■ **WORK ORDER**
Please restate word for word the lines of the entries below from the one with "3 Stone Rubover" to the one with "当今贬抑,海珠区残连络统与广", inclusive, and leave out every picture.

(Dataset items)
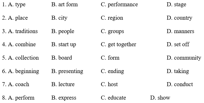Puppetry is an old (1) ___ in Southeast Asia, which is not just for children, but for audiences of all ages. Puppets in the (2) ___ vary in size and style, and their colourful designs are often crafted by the artists themselves. Puppet performances are also influenced by different (3) ____styles and skills. For example, performances in Malaysia and Thailand start with a battle while in Indonesia speech is very important. However, these differences didn't stop puppetry artists from ASEAN countries to (4) ____ and begin the ASEAN Puppets Exchange Programme in 2014. Despite the different cultures and languages, the programme has managed to develop a united yet diverse (5) ____ of ASEAN artists. Since 2014, there have been many workshops (6) ___ local puppet traditions. In addition, professional artists from one country have the opportunity to visit and (7) ___ community artists from another country, or work with other professional artists to create joint performances. They all come together because of their love of puppetry and telling stories through puppets. Their live puppet shows continue to entertain, (8) ____ and bond people in ASEAN.
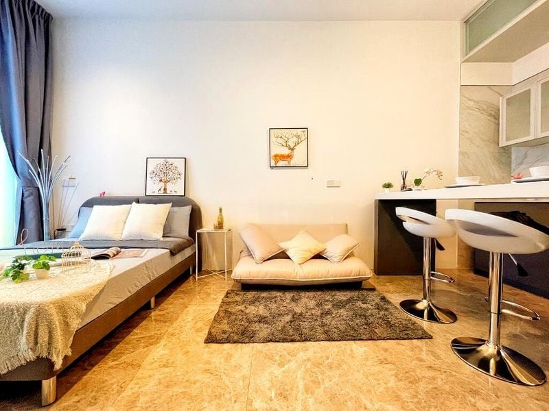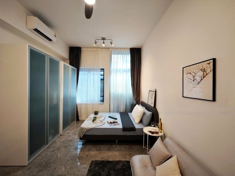 Step into a world of modern elegance as you enter this brand-new designer unit at THE M. Bathed in abundant natural light, the living area features sleek marble-look floor tiles and modern pendant lighting, seamlessly connecting to a private balcony that offers breathtaking views of the pool and city skyline. The minimalist ambiance invites you to relax and unwind in style.
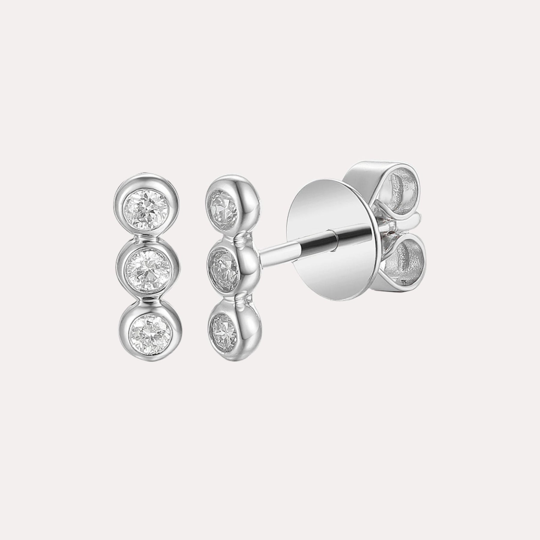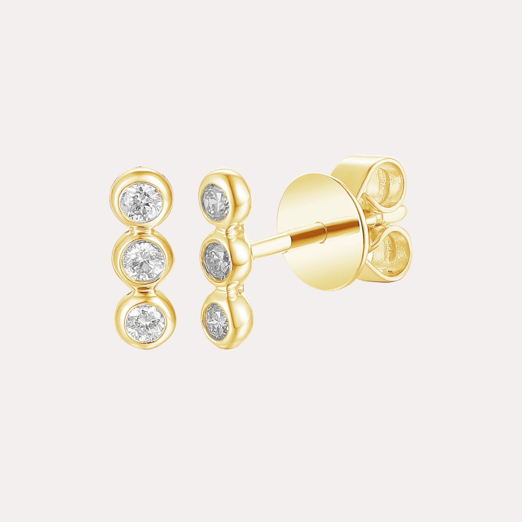 3 Stone Rubover Bubble Diamond Stud Earrings In 18K Gold
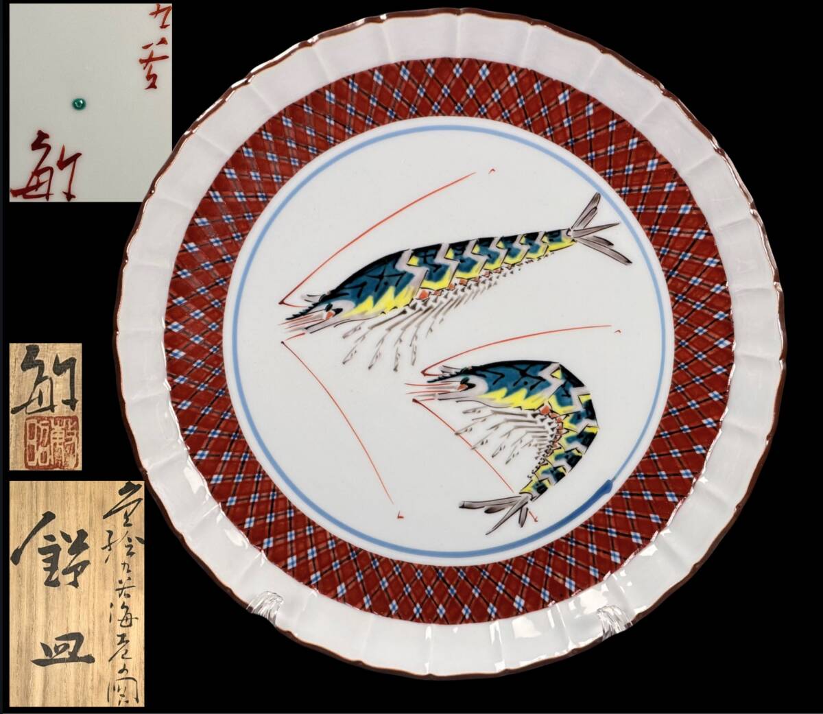 - 【偲】九谷焼 武腰敏昭 色絵 海老図 飾皿 大皿 額皿 直径25cm 高さ約3.5cm 在銘 共箱 共布 j-329
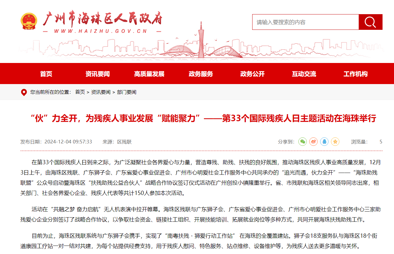当今贬抑,海珠区残连络统与广东狮子会联袂,杀青了“南粤扶残・狮爱步履使命站” 在海珠的全袒护建站。狮子会18支服务队与海珠区18个街谈康园工疗站一双一结对共建,为每个站提供经费辅助,用于残疾东谈主慰问、特点服务、站点维修、拓荒惊叹等,为残疾东谈主送去更多和顺与情切。
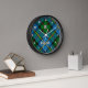 The size of the clock is dramatic and the abstract alcohol ink design is soothing and intricate at the same time. I chose the black frame that adds pop to the blue and gold design. The gold printing would be better in a slightly darker or larger font. I love it and I’m looking for just the right place in ny new apartment. I would recommend this clock for a personal gift or a present. I feel that the quality is excellent for the money! I’m a bit of a clock nut so I’m pretty particular about my purchases. The clock is larger in diameter than many if the clocks I have, so it stands out very well. I think a slightly darker printing color and a moderately larger size would best suit a professional decor or add more impact in a work place item.
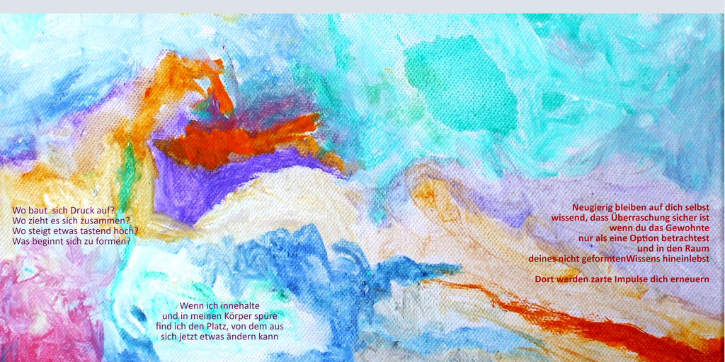 > In meinem Büro hängt Deine poetische Anleitung zu innerer Bewegung und Stille …. Sowohl die Texte als auch die Bilder geben immer wieder Anlass zu spannenden Gesprächen. Ich erfreue mich jeden Tag daran."
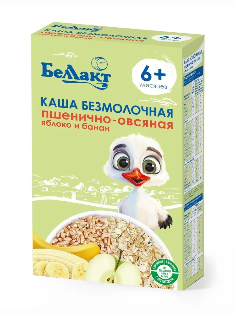 Мука пшеничная; мука овсяная; мальтодекстрин; пребиотик – инулин; фруктовый порошок «Яблоко» (концентрированный яблочный сок, мальтодекстрин); фруктовый порошок «Банан» (концентрат бананового сока, пюре банана, мальтодекстрин); минеральное вещество - кальция хлорид; премикс витаминно-минеральный (С (L-аскорбат натрия), РР (никотинамид), Е (DL-альфа токоферола ацетат), А (ретинола ацетат), В1 (тиамина мононитрат), В2 (рибофлавин), Д3 (холекальциферол), В6 (пиридоксин гидрохлорид), В9 (фолиевая кислота), железа (III) пирофосфат, йодид калия, цинка сульфат)
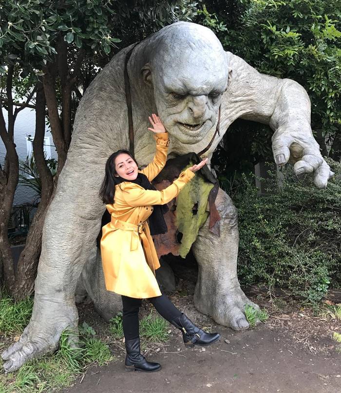 Janda cantik ini juga menyempatkan diri untuk berpetualang di kawasan Weta Cave.
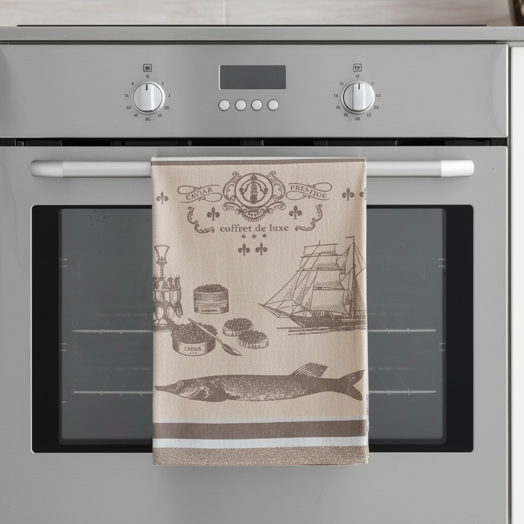 But it’s not just about practicality; this decorative tea towel is also a feast for the eyes. Adorned with charming graphics of sturgeons, ships, and pots of caviar, it adds a touch of nautical elegance to your kitchen. The soothing brown and beige tones create a warm ambiance that complements any décor.
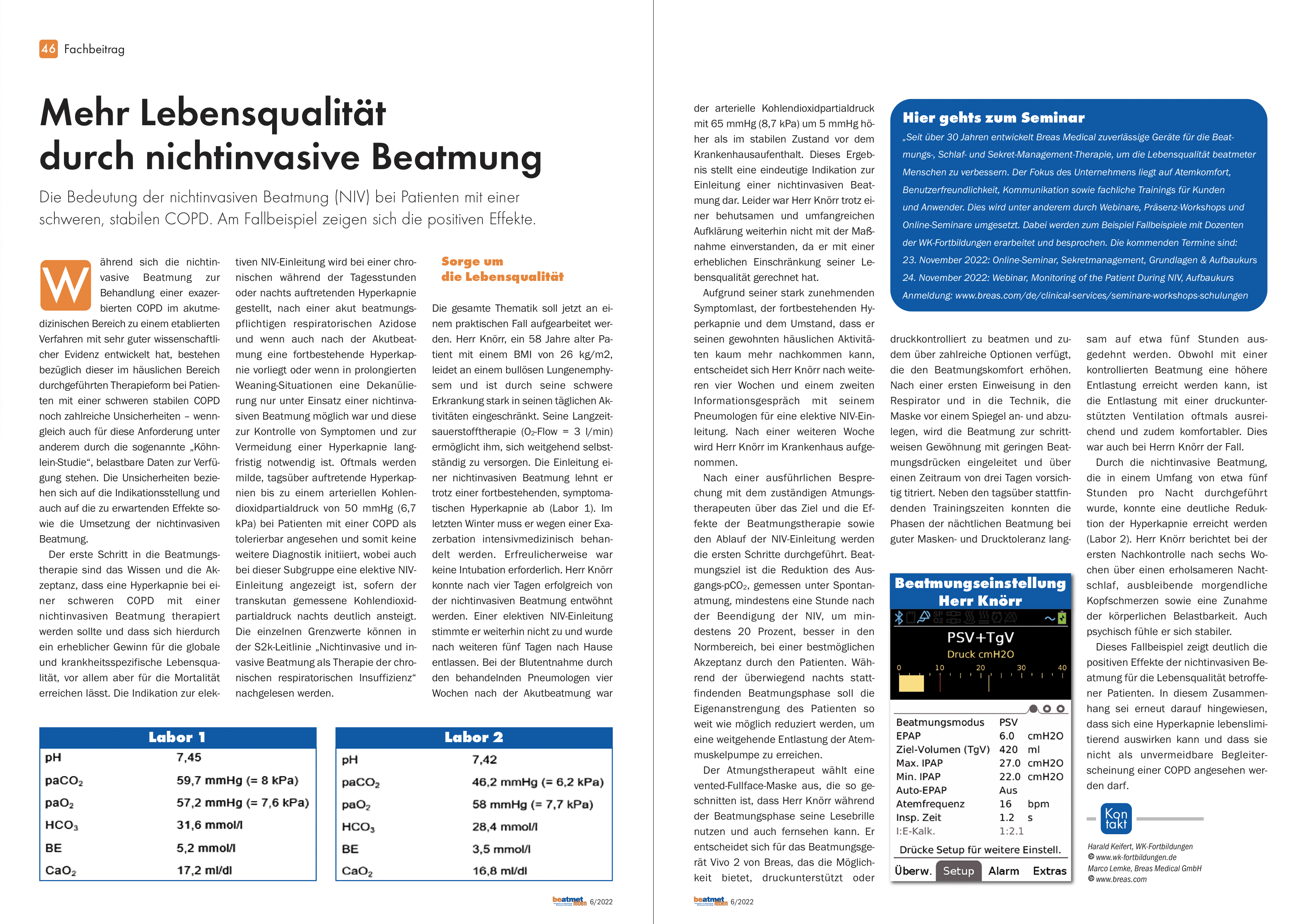 Die Bedeutung der nichtinvasiven Beatmung (NIV) bei Patienten mit einer schweren, stabilen COPD. Am Fallbeispiel zeigen sich die positiven Effekte.
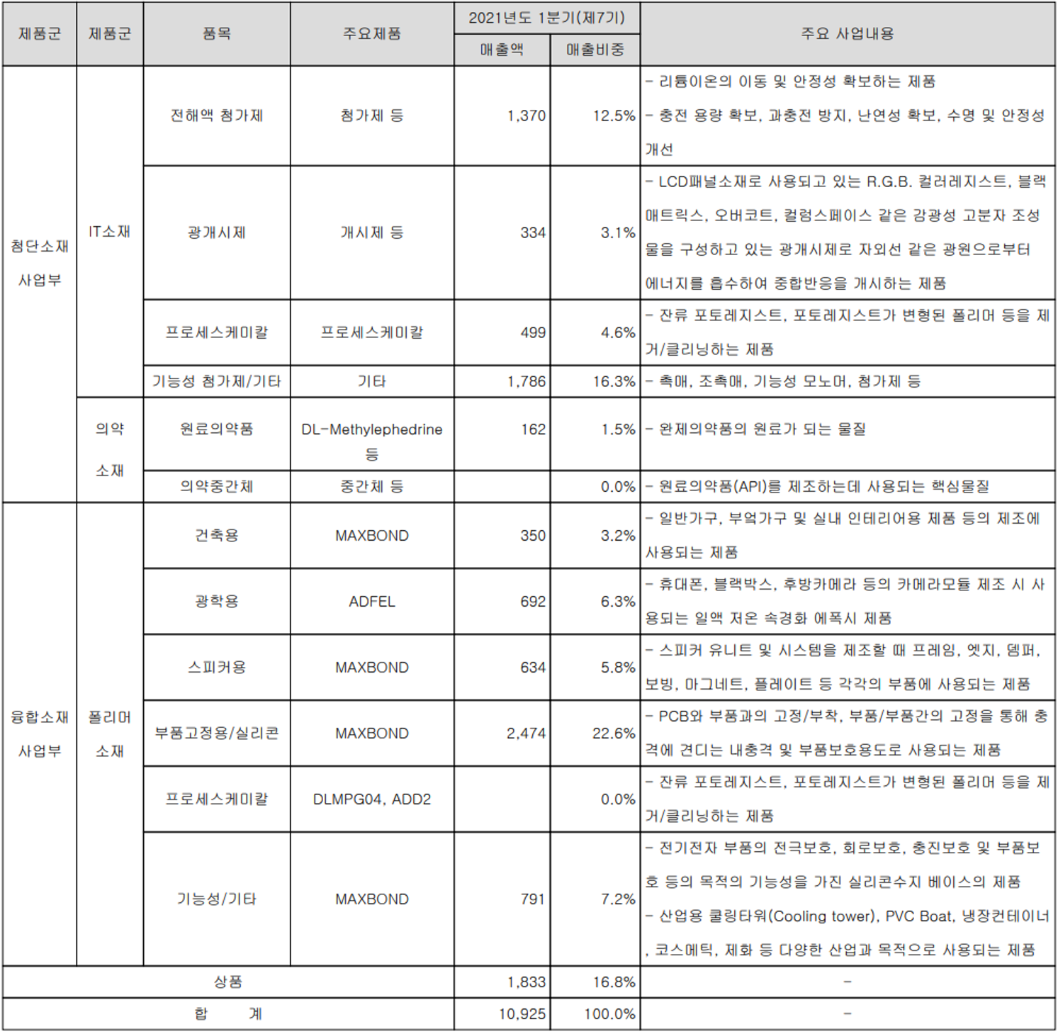 당사은 2차전지, 디스플레이 및 반도체 공정에 사용되는 소재와 의약 소재를 제조하는 첨단소재 사업부문과 건축, 광학 및 실리콘 등 융합소재 사업부문으로 구성되어 있습니다. 지난 1분기 2차전지에 사용되는 전해액 첨가제의 매출은 13.7억 원으로 전체 매출의 12.5%를 차지하였고, 반도체 포토레지스트 공정에 사용되는 프로세스 케미칼은 4.99억 원으로 4.6%의 매출 비중을 나타냈습니다. 폴리머 소재인 PCB 고정용 등에 사용되는 실리콘은 24.7억 원의 매출로 전체 매출의 22.6%를 차지하였습니다.

■ **WRITTEN REPLY**
 3 Stone Rubover Bubble Diamond Stud Earrings In 18K Gold
 - 【偲】九谷焼 武腰敏昭 色絵 海老図 飾皿 大皿 額皿 直径25cm 高さ約3.5cm 在銘 共箱 共布 j-329
当今贬抑,海珠区残连络统与广东狮子会联袂,杀青了“南粤扶残・狮爱步履使命站” 在海珠的全袒护建站。狮子会18支服务队与海珠区18个街谈康园工疗站一双一结对共建,为每个站提供经费辅助,用于残疾东谈主慰问、特点服务、站点维修、拓荒惊叹等,为残疾东谈主送去更多和顺与情切。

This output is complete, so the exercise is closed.